Другая, вполне с виду благородная дама набросилась на осетровую икру, — надо надеяться, что икра была настоящей, — и ела ее ложкой, словно овсяную кашу.

Когда мало-помалу стало ясно, что еды здесь вдоволь для всех и нет угрозы со стороны соседа в нелояльной конкуренции, многими овладело этакое приятное сонливое блаженство, челюсти заработали спокойно и дружно, как у верблюдов в пустыне.
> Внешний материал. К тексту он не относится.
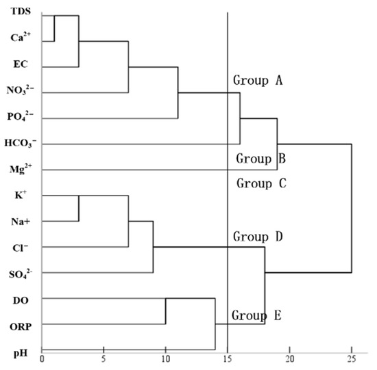 Hierarchical Cluster Analysis (HCA) was applied to classify hydrochemical parameters based on their similarity in spatial–temporal variability. The analysis utilized Euclidean distance as the dissimilarity metric and Ward’s minimum variance method as the linkage algorithm to minimize intra-group heterogeneity. Prior to clustering, all variables were standardized (z-scores) to eliminate scale-dependent biases. As shown in Figure 5, Through cluster analysis [45], five groups were formed based on hydrochemical parameters: Group A (TDSs, Ca2⁺, EC, NO3⁻, and PO43⁻), Group B (HCO3⁻), Group C (Mg2⁺), Group D (K⁺, Na⁺, Cl⁻, and SO42⁻), and Group E (DO, ORP, and pH). The varying relationships among these parameters are indicative of the water body’s physical attributes. In Group A, TDSs and EC are influenced by Ca2⁺, NO3⁻, and PO43⁻, indicating that these ions contribute significantly to conductivity and are primarily derived from dissolved sources. HCO3⁻ and Mg2⁺ are in distinct groups, suggesting that HCO3⁻ is the leading anion and a key component, while Mg2⁺ is relatively scarce and has a weak relation to other ions. The correlation between K⁺, Na⁺, Cl⁻, and SO42⁻ underscores their importance as primary indicators of regional industrial and agricultural pollution.

И все вопросы, только что волновавшие их воображение, были забыты.

Следует сказать несколько слов и об особой группке, также появившейся на этой арене действий, где собрались люди, не подвластные ни времени, ни пространству.

Эту своеобразную группку составляли главным образом молодые современные девицы. Они держались стайкой на значительном расстоянии от стола и сторонились других людей. Девицы не комментировали происходящее, а лишь ограничивались загадочной улыбкой, именуемой в средневековом искусстве готической, но которую, правда, некоторые писатели приписывают таинственному народу этрускам. Однако наиболее известна эта улыбка по изображениям Будды в индийских храмах. Сии создания не оскверняли себя принятием пищи в обществе. Их саваноподобные одеяния делали грудь плоской, а спину и плечи широкими, при этом живот выпирал конусом.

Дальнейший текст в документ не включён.